NVIDIA RTX IO: What is it and How Does it Work on Graphics Cards?

October 4, 2020 Matt Mills Hardware, Tips and Tricks 0

One of the technologies that NVIDIA introduced alongside the latest generation of GeForce graphics cards was RTX IO, which will be available for the NVIDIA 20 × 0 and 30 × 0 ranges. Thanks to this technology, the graphics cards of these NVIDIA ranges can access the SSD connected to the PCI Express as if it were memory of the graphics itself with little involvement of the CPU. How does it work?

The RTX IO allows access to the SSD by the GPU regardless of the architecture of the CPU that we have installed in the system, since it is the GPU itself that is responsible for accessing the data from the SSD, a characteristic that before it was not implemented. At least on NVIDIA GPUs, since we had seen a less advanced implementation with AMD‘s HBCC integrated into its Vega graphics.

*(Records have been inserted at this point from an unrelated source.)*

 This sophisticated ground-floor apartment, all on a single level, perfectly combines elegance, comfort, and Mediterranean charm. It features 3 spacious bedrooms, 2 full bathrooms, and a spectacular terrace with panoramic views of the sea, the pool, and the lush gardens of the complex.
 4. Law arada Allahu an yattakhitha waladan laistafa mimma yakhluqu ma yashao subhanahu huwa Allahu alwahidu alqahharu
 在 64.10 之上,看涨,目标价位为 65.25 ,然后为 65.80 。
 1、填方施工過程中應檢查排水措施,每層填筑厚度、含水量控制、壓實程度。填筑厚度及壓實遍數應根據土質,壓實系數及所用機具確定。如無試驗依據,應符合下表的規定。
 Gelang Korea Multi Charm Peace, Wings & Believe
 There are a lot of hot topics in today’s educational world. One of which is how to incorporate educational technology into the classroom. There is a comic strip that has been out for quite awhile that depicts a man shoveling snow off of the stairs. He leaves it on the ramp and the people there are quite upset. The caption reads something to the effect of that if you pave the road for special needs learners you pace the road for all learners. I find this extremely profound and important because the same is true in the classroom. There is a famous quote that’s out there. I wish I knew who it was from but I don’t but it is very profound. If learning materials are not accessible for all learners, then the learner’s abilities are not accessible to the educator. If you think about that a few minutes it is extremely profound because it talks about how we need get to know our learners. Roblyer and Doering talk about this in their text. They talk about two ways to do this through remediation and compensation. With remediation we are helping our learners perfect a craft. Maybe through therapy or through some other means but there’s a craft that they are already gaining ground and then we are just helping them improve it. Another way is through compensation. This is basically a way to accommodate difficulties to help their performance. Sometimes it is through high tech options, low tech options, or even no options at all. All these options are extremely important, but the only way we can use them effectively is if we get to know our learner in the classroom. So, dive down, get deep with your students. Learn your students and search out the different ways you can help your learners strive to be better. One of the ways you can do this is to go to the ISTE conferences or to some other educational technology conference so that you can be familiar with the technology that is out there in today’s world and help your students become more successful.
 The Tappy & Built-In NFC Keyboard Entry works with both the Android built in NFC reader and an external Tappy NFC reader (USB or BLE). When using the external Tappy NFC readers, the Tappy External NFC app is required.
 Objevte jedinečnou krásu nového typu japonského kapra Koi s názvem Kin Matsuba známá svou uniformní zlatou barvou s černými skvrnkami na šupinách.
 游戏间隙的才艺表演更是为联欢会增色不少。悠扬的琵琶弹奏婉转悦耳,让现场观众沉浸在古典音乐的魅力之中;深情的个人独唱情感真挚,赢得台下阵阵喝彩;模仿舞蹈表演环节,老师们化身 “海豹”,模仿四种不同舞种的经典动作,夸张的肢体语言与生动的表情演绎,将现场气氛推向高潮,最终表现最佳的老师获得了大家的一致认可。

The RTX IO is the hardware-level implementation of the DirectStorage that Microsoft has implemented in DirectX 12 Ultimate and that it is an API that allows us to access a memory space beyond what is video RAM. And therefore you can request specific data from an SSD connected to a PCI Express port.

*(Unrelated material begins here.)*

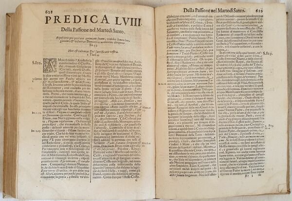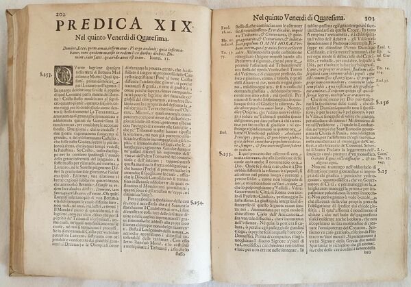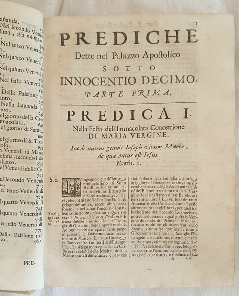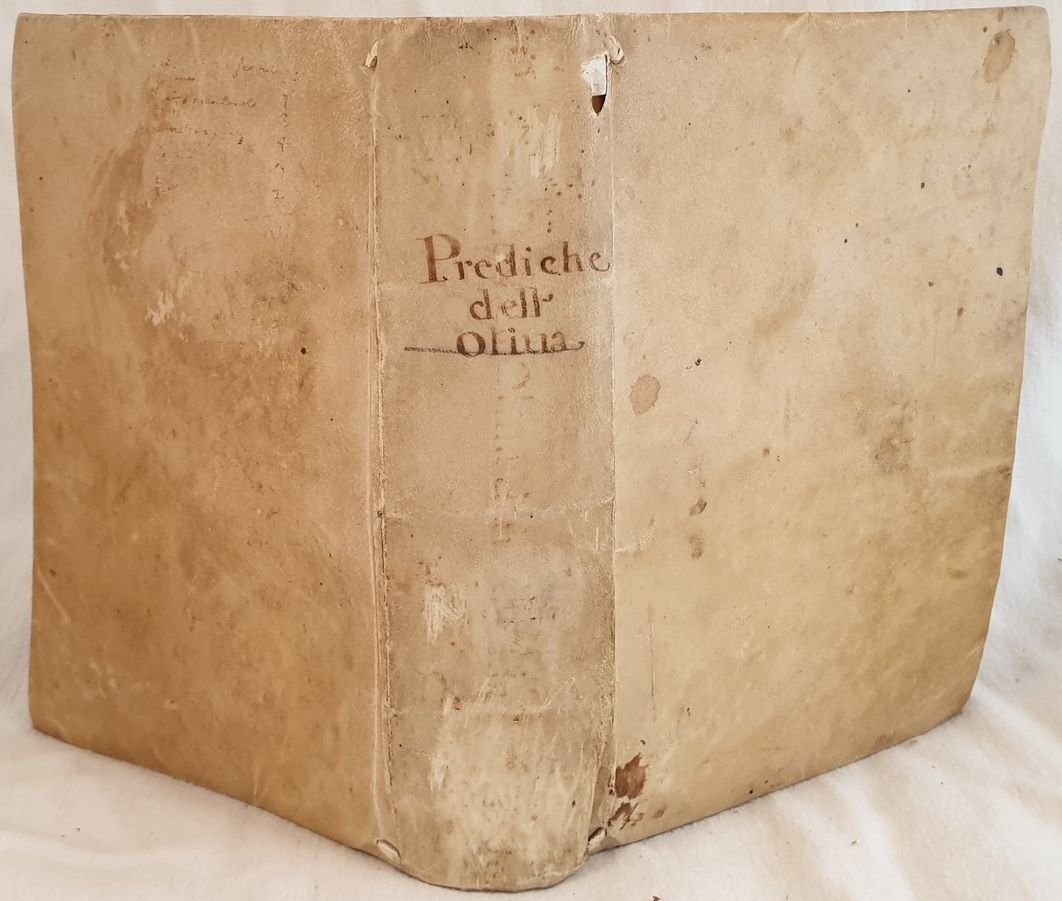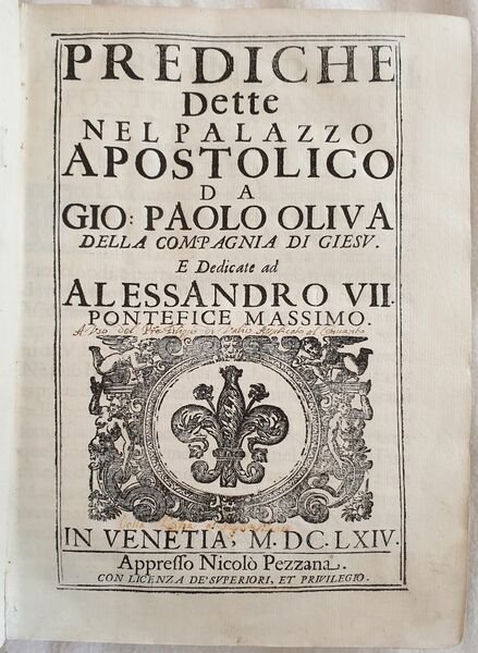Bella edizione del 1664 di questa raccolta di prediche dette nel palazzo apostolico dal gesuita Giovanni Paolo Oliva (1600-1681) ed apprezzato oratore. Oliva fu preposto generale dell'Ordine dal 31 luglio 1664. Già vicario generale della Compagnia dal 1661, il suo generalato fu turbato dalla polemica sul quietismo, dalla questione dei riti cinesi, dall'accusa di lassismo lanciata contro l'ordine e dal fatto che in Francia numerosi gesuiti sostenevano le prerogative reali contro le rivendicazioni papali e difendevano i privilegi galligani del clero (Cfr. Wikipedia). All'interno è presente qualche piccola incisione ad inizio predica. A fine predica 52 si legge "L'avvento dell'anno 1656 di tralascio per la Peste". Tra gli argomenti trattati: Cadaveri, Arca di Dio, Cressino, San Crespino, Datan e Abiron, Fontane pubbliche, Girolamo da Narni, Eretici, Isaac Abate, Lago di Nemi, Madriperle, Naaman, Nilo, Oliveto, San Paolino, Satana, Simon Mago, San Tommaso d'Acquino, Cardinale Ugone ecc. Antiche firme al frontespizio. Bella legatura in piena pergamena coeva con titolo manoscritto al dorso. In buone condizioni e completo. Copertina in piena pergamena coeva in ottime condizioni generali con lievi usure ai margini e dorso. Legatura in buone condizioni. All'interno le pagine si presentano in ottime condizioni con rare fioriture. Prima carta bianca strappata a metà. In 8. Dim. 23x17 cm. Pp. (24)+800+(52).Beautiful edition of 1664 of this collection of preeches told in palazzo apostolico by the jesuit Giovanni Paolo Oliva (1600-1681) and appreciated orator. Insdie there is some little engraving in the beginning of each preech. At the end of preech 52 there is the writing "L'avvento dell'anno 1656 di tralascio per la Peste". Between the issues treated: dead bodies, Arch of God, Cressino, San Crespino, Datan e Abiron, Fontane pubbliche, Girolamo da Narni, Eretici, Isaac Abate, Lago di Nemi, Madriperle, Naaman, Nilo, Oliveto, San Paolino, Satana, Simon Mago, San Tommaso d'Acquino, Cardinale Ugone ecc. Antique signature in the title page. Beautiful full parchment coeval with handwritten title in the spine. In good conditions and complete. Full parchment coeval cover in very good general conditions slightly worn in the edges and spine. Binding in good conditions. Pages in very good condiitons with occasional foxings. First blank page teared into two parts. In 8. Dim. 23x17 cm. Pp. (24)+800+(52).

Why with NVIDIA RTX IO does the CPU not act on the process?

To understand why the CPU does not act in the process, we have to understand how the GPU accesses the system memory. Any GPU regardless of its architecture can access two different memory wells:

Your local memory, which is the memory included in the graphics card ( VRAM ).
System memory (where the CPU stops its data).

To access the second, it uses one or more DMA units that communicate with the system’s RAM through the PCI Express bus to memory.

Do you remember the systems in SLI and Crossfire where we had two cards in the same system? Well, the mechanism to communicate with an SSD connected to a PCI Express port would be exactly the same.

The reason for this is that despite the fact that we have different PCIe inputs on the PC, at the level of the I / O controller (the Southbridge) all are concentrated in the same controller and this allows all the devices connected to the PCI Express ports to be able to send data to each other, including among other things the SSD (if connected to the same PCIe controller).

The SSD as an extension of the GPU memory

The GPU when accessing the SSD treats it as if it were RAM memory, so in each instruction with access to RAM it makes a request to the specific memory address where the data is located directly. Through a series of completely transparent mechanisms, when data is requested that is on the SSD and not in memory, the data is searched on the SSD and copied directly to a part of the RAM that is used as a cache for the SSD .

This makes it possible to have virtually a large amount of memory available to the system and go beyond the limits of VRAM to access certain data. It only takes the GPU to pre-order them to be copied to RAM.

For example, in an open world game, if we zoom into a new area then the memory can remove the textures and other data that are no longer needed from the RAM and load again from the SSD. For example, the Unreal Engine demo released a few months ago had a “just” 768MB well to copy data from the SSD to the graphics RAM.

Real-time data decompression with a modest CPU

One of the things that comes with RTX IO and found since the RTX 20 × 0 is a real-time data decompression unit.

This unit takes the compressed data as input from the SSD, performs decompression on the fly and sends the already decompressed data to the memory of the graph.

The drive has a data decompression speed that to match using the CPU, which would require a large number of cores to perform the same particular task at the same speed as the RTX IO decompressor.

With this, those from Huang ensure better performance thanks to their NVIDIA RTX IO technology, which will manage to alleviate the performance GAP between very powerful CPUs and much more modest CPUs.